Beautiful shoot man! Devastating


----------



## BunnyBlaster (Dec 16, 2013)

what the......? looks like ur using the pigeon for a bong ,lol good shooting,missed 2 today,dang,good luck on next kill


----------



## Josh16 (Aug 26, 2013)

Great shoot ! Never thought hexnuts are so effective


----------



## JUSTJOB (Dec 26, 2013)

Nice shot! Pigeon in the pan!


----------



## GHT (Jan 22, 2013)

Wow, more great shooting, thanks for sharing, hexnuts just scare me irrationally, if I pick one up I think RTS so dare not tempt fate,lol.


----------



## Emitto (Sep 11, 2013)

GHT said:


> Wow, more great shooting, thanks for sharing, hexnuts just scare me irrationally, if I pick one up I think RTS so dare not tempt fate,lol.


This just happened to me took an M12 to the ribs the other day from a RTS. It did some serious damage, completely broke the skin and gave me a bruise of about 8 inches in diameter, still recuperating from it. ME no more hex nuts.

Cheers.


----------



## studer1972 (Mar 17, 2013)

This has been bugging me since the initial post. How did all those leaves get into the wound? Not trying to imply anything nefarious, just curious.


----------



## Clever Moniker (May 12, 2013)

Nice shot!! Love the hex nuts.


----------



## youcanthide (Jun 16, 2013)

studer1972 said:


> This has been bugging me since the initial post. How did all those leaves get into the wound? Not trying to imply anything nefarious, just curious.

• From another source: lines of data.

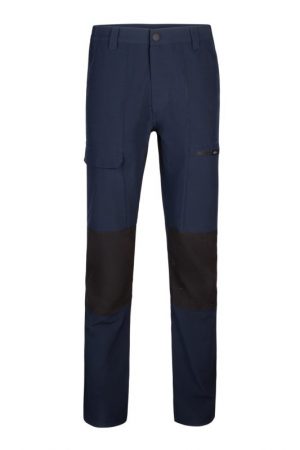 Pantalón de trabajo trekking bicolor stretch con corte slim fit, cintura elástica y múltiples bolsillos con cierre seguro. Ideal para actividades intensas.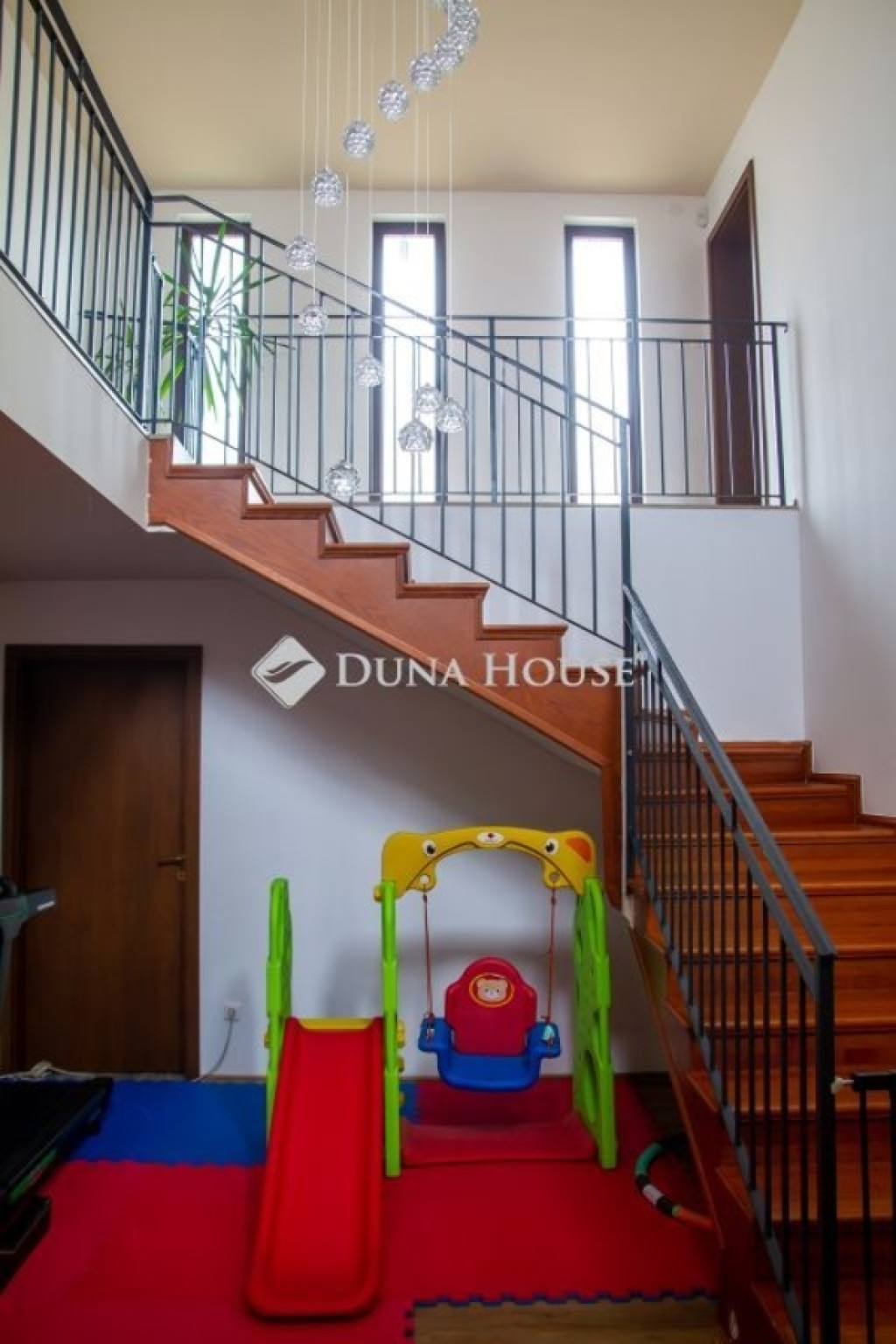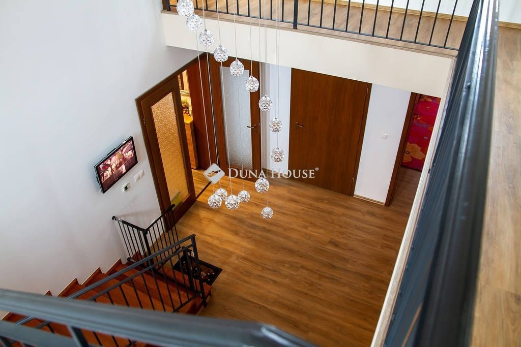 A ház elosztása: lent előszoba, garázs, mosókonyha(wc-vel),fördőszoba-wc,2 szoba, közlekedő, nappali-étkező-konyha, kamra, terasz, a fenti részen 4 szoba, gardrób, fürdőszoba, külön wc,terasz.
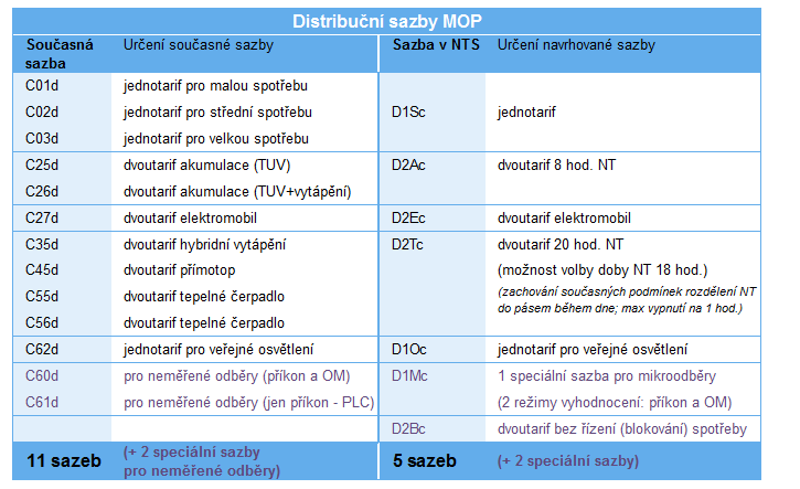Nový tarifní systém bude mít méně distribučních sazeb než stávající a zákazníci budou automaticky převedeni do nové sazby podle převodní tabulky. Zákazník si však může zvolit i jinou sazbu, k rozhodnutí by mu měl pomoci cenový kalkulátor. Upozorňujeme ale, že si lze zvolit jen sazbu, jejíž podmínky pro využívání budou splněny.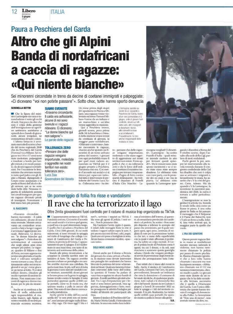 L’ultimo fattaccio è avvenuto mercoledì scorso a bordo del treno regionale 2640 che da Peschiera del Garda (Verona) va a Milano. Sei ragazze trai 16 e i 17 anni sono state molestate, palpeggiate e insultate a bordo per lunghi minuti, e in modo pesante, da alcuni ragazzi nordafricani.

The pigeon had eaten them and the shot punctured its crop exposing the undigested leaves. It is a regular thing. Most pigeons will have cropped up by late day/night time


----------



## wolf98 (Mar 2, 2014)

nice shot


----------



## GHT (Jan 22, 2013)

Wishing you a swift recovery Emitto


----------



## Emitto (Sep 11, 2013)

GHT said:


> Wishing you a swift recovery Emitto


Thanks mate.


----------



## nutthrower (Dec 18, 2011)

Emitto said:


> GHT said:
> 
> 
> > Wow, more great shooting, thanks for sharing, hexnuts just scare me irrationally, if I pick one up I think RTS so dare not tempt fate,lol.
> ...


just curious, how did you manage to take a hit with your hex-Nut - if it has something to do with the RTS forgive me not sure what that is


----------



## nutthrower (Dec 18, 2011)

Emitto said:


> GHT said:
> 
> 
> > Wow, more great shooting, thanks for sharing, hexnuts just scare me irrationally, if I pick one up I think RTS so dare not tempt fate,lol.
> ...


ok just looked up RTS but have never had that happen (as of yet) sounds nasty - but I love them NUTS


----------



## Emitto (Sep 11, 2013)

nutthrower said:


> Emitto said:
> 
> 
> > GHT said:
> ...


Yep, that's what i though too, that WILL NEVER happen to me, well i learn my lesson, It was my fault tho, it was a bad release, I new it didn't feel right from the moment I let go.

Be safe mate with them NUTS! 

Cheers.

Emitto.


----------



## Clever Moniker (May 12, 2013)

Emitto said:


> nutthrower said:
> 
> 
> > Emitto said:
> ...


I wouldn't give up on the hex nuts Emitto! Apparently RTS's can happen with circular ammo as well... that wouldn't mean you have to stop shooting all circular ammo.

Anyway's, hope you recover quick!

Clever Moniker


----------